__INSTRUCTIONS FOR THE TASK__
Your task is to retype, word for word, the lines from the start of the data through the line holding "With built-in UPF". Do not include the pictures.

__DATA PROVIDED__
*-*-*
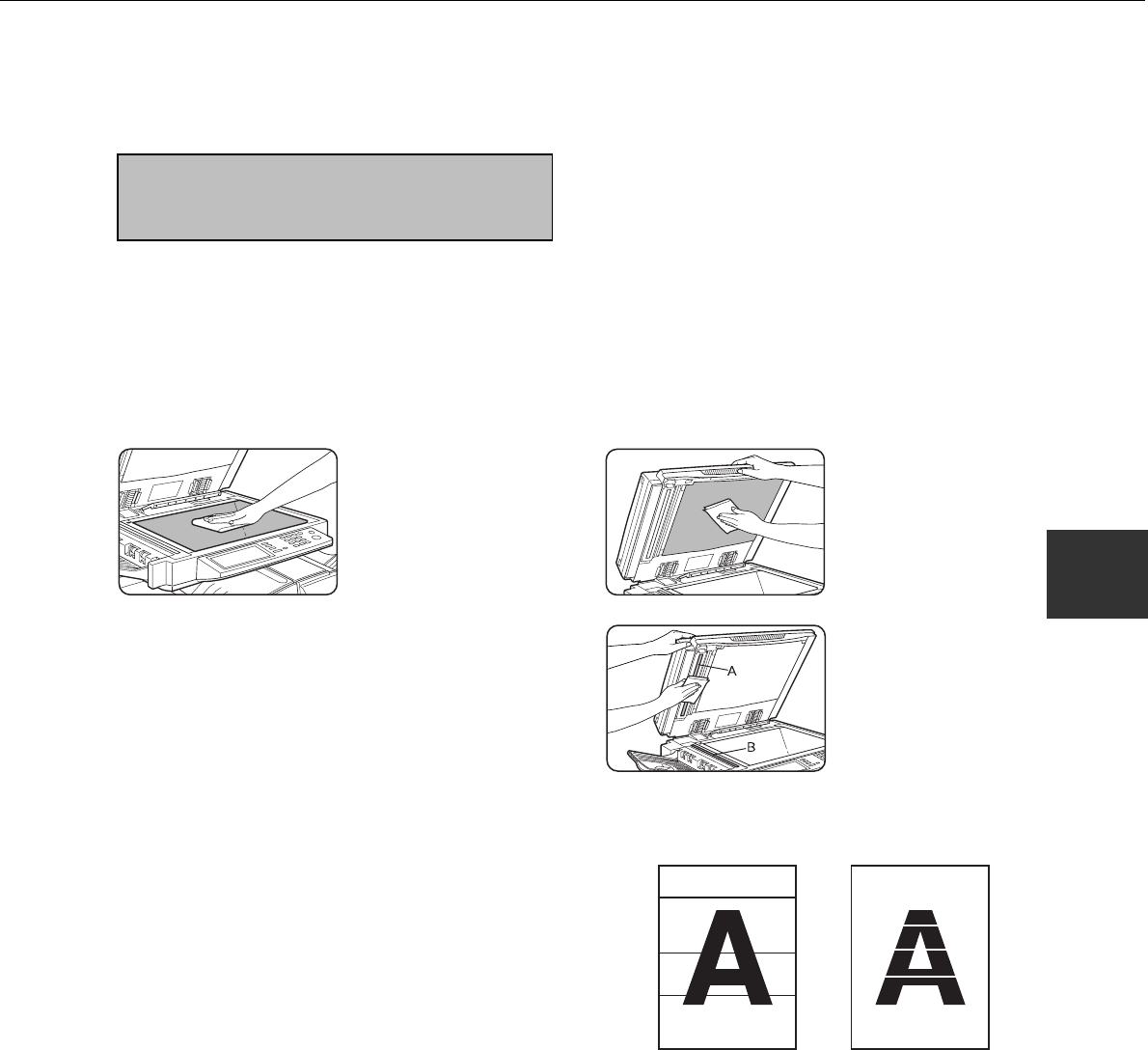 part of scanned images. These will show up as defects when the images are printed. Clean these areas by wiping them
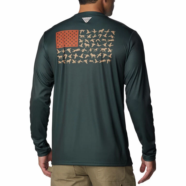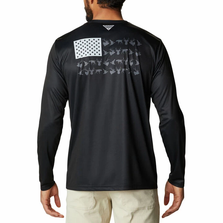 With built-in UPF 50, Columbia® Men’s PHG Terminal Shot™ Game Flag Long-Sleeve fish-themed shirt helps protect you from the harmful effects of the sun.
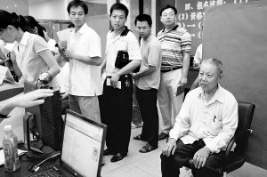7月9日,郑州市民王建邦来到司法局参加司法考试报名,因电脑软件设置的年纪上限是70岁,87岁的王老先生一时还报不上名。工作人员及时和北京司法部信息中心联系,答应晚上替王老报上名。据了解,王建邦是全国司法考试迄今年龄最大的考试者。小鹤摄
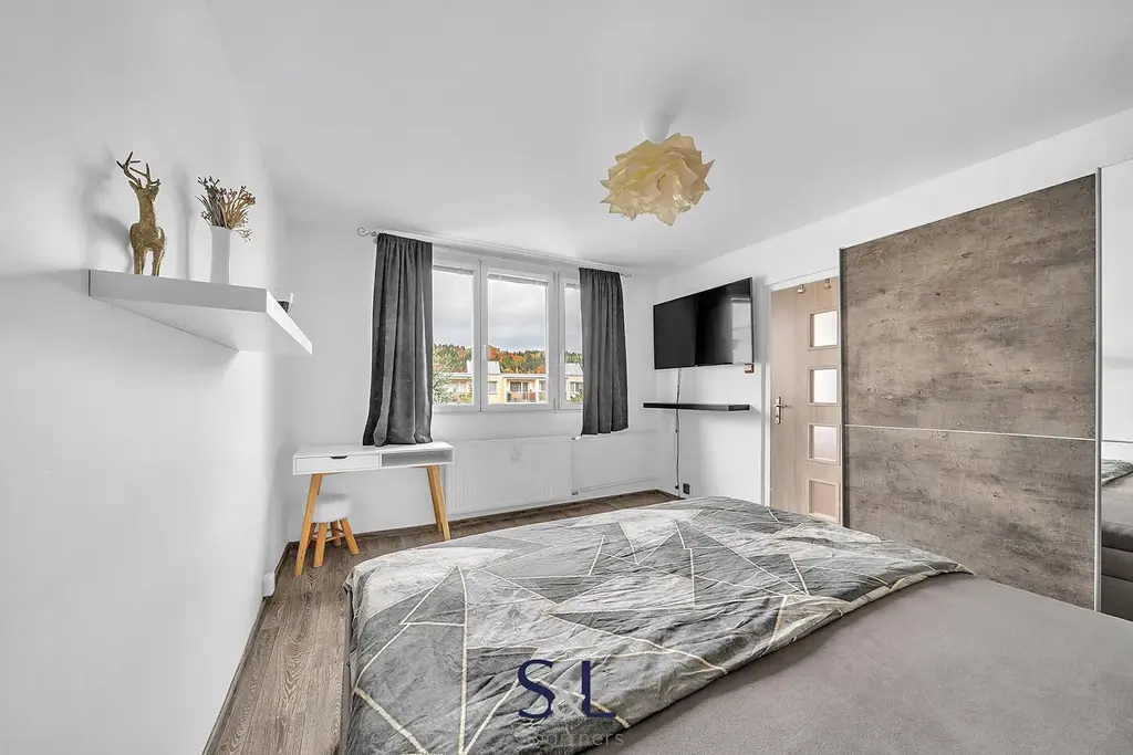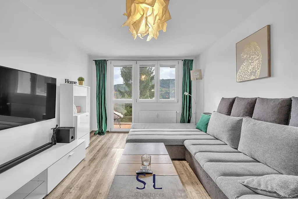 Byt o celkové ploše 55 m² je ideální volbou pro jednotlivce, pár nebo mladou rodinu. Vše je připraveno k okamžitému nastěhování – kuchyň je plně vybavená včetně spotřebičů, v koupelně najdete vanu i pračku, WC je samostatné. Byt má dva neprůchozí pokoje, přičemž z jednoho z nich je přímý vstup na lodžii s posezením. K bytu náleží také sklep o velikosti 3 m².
*-*-*
__EXERCISE RESULT__
 part of scanned images. These will show up as defects when the images are printed. Clean these areas by wiping them
 With built-in UPF 50, Columbia® Men’s PHG Terminal Shot™ Game Flag Long-Sleeve fish-themed shirt helps protect you from the harmful effects of the sun.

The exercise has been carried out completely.